Your assignment => Within the entries below, find the portion that opens with the line containing "Additionally, a new" and closes with the line containing "Figure 1. Sharks". Retype that portion exactly and only.

Recorded data =>

○ ○ ○

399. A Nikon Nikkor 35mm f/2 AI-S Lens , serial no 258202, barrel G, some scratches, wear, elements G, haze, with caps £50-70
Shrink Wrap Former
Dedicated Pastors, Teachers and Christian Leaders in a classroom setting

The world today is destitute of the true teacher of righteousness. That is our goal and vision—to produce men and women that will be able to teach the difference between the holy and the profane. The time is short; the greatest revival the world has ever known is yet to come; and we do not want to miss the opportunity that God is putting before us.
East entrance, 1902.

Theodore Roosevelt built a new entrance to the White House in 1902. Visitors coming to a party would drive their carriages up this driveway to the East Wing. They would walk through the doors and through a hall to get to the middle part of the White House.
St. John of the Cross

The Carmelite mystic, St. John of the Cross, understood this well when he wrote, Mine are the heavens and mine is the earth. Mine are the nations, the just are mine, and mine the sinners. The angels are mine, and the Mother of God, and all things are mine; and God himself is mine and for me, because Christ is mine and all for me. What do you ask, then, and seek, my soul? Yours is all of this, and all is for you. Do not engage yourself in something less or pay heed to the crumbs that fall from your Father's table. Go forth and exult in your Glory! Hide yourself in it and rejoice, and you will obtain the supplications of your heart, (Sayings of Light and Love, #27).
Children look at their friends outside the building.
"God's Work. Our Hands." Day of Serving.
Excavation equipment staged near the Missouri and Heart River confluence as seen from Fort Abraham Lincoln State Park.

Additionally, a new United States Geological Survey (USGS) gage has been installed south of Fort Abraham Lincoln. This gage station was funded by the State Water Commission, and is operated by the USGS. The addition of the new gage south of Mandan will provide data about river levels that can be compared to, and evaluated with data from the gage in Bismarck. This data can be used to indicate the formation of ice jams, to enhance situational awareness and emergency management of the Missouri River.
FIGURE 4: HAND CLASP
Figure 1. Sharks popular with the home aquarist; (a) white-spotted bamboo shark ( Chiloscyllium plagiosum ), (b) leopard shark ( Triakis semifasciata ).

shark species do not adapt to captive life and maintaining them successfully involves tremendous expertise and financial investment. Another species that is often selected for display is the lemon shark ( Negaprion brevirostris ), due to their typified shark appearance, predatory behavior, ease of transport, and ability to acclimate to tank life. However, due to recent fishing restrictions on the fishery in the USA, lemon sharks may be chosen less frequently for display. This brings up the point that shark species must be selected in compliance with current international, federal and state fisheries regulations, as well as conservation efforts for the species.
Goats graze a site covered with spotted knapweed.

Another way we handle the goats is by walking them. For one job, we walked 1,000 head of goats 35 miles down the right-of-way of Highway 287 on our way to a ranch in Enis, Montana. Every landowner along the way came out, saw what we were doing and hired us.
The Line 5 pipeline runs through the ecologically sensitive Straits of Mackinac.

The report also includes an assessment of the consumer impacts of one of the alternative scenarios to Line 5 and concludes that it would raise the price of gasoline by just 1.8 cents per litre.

○ ○ ○

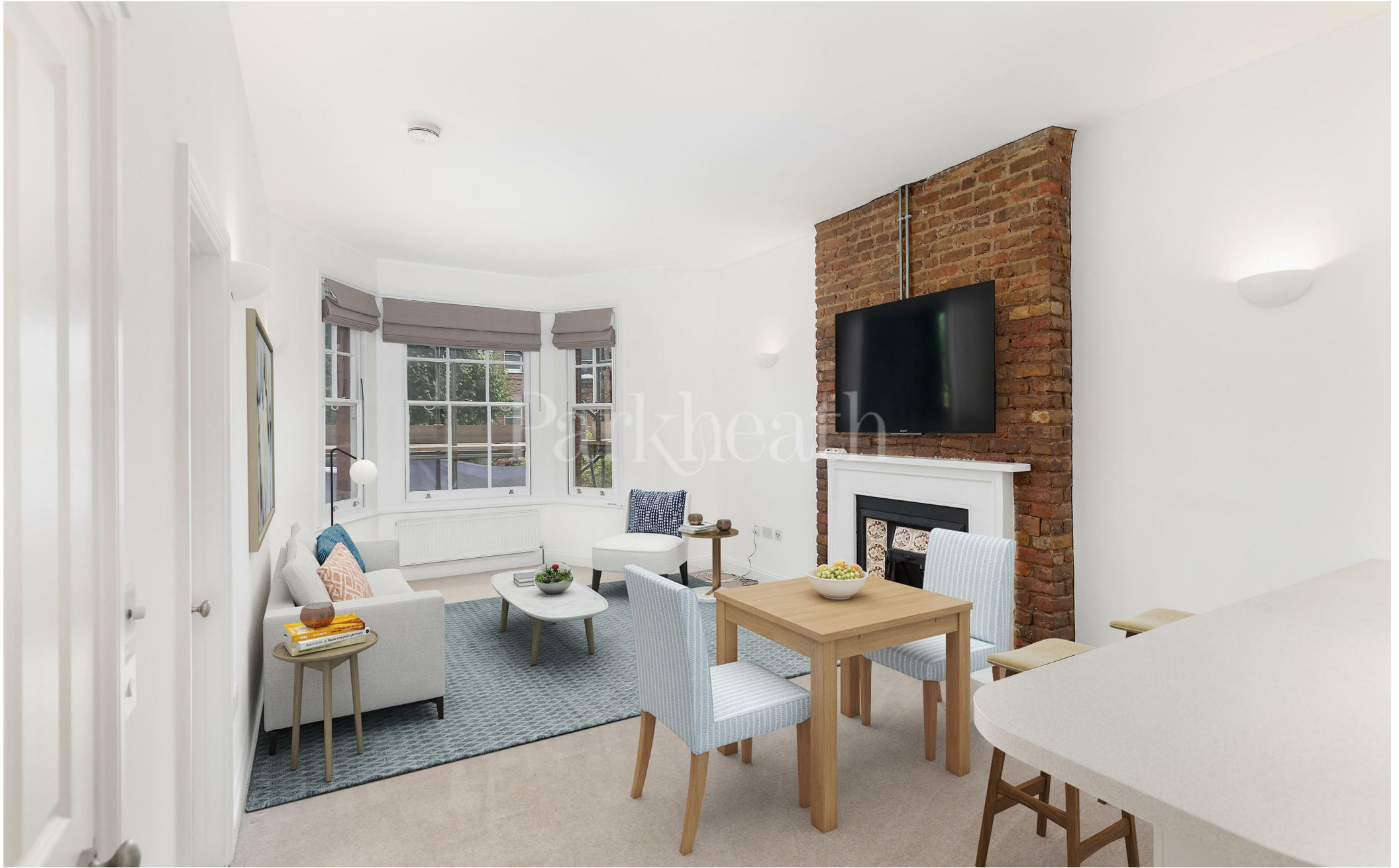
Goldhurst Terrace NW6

○ ○ ○

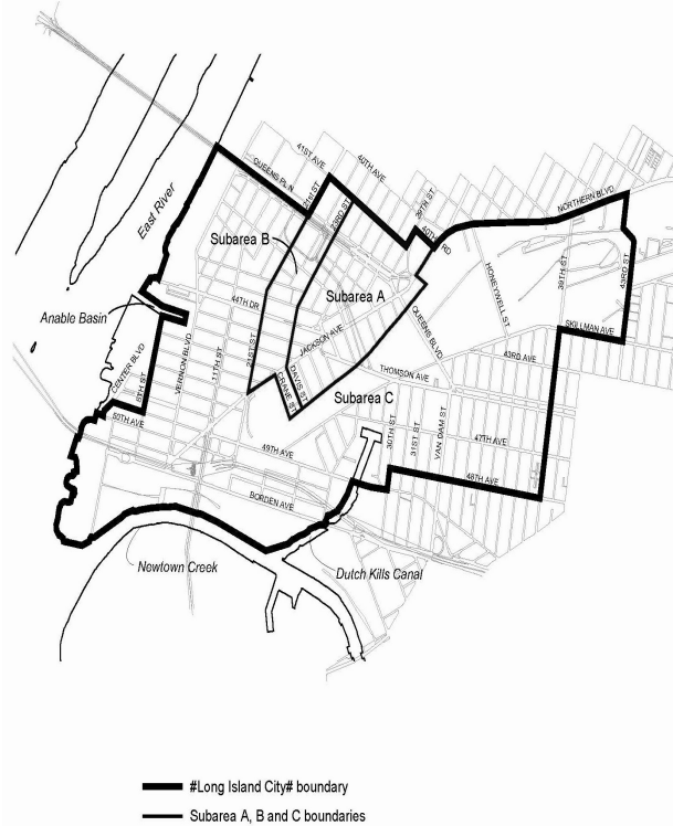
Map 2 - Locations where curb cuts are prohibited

○ ○ ○

Exercise output =>
Additionally, a new United States Geological Survey (USGS) gage has been installed south of Fort Abraham Lincoln. This gage station was funded by the State Water Commission, and is operated by the USGS. The addition of the new gage south of Mandan will provide data about river levels that can be compared to, and evaluated with data from the gage in Bismarck. This data can be used to indicate the formation of ice jams, to enhance situational awareness and emergency management of the Missouri River.
FIGURE 4: HAND CLASP
Figure 1. Sharks popular with the home aquarist; (a) white-spotted bamboo shark ( Chiloscyllium plagiosum ), (b) leopard shark ( Triakis semifasciata ).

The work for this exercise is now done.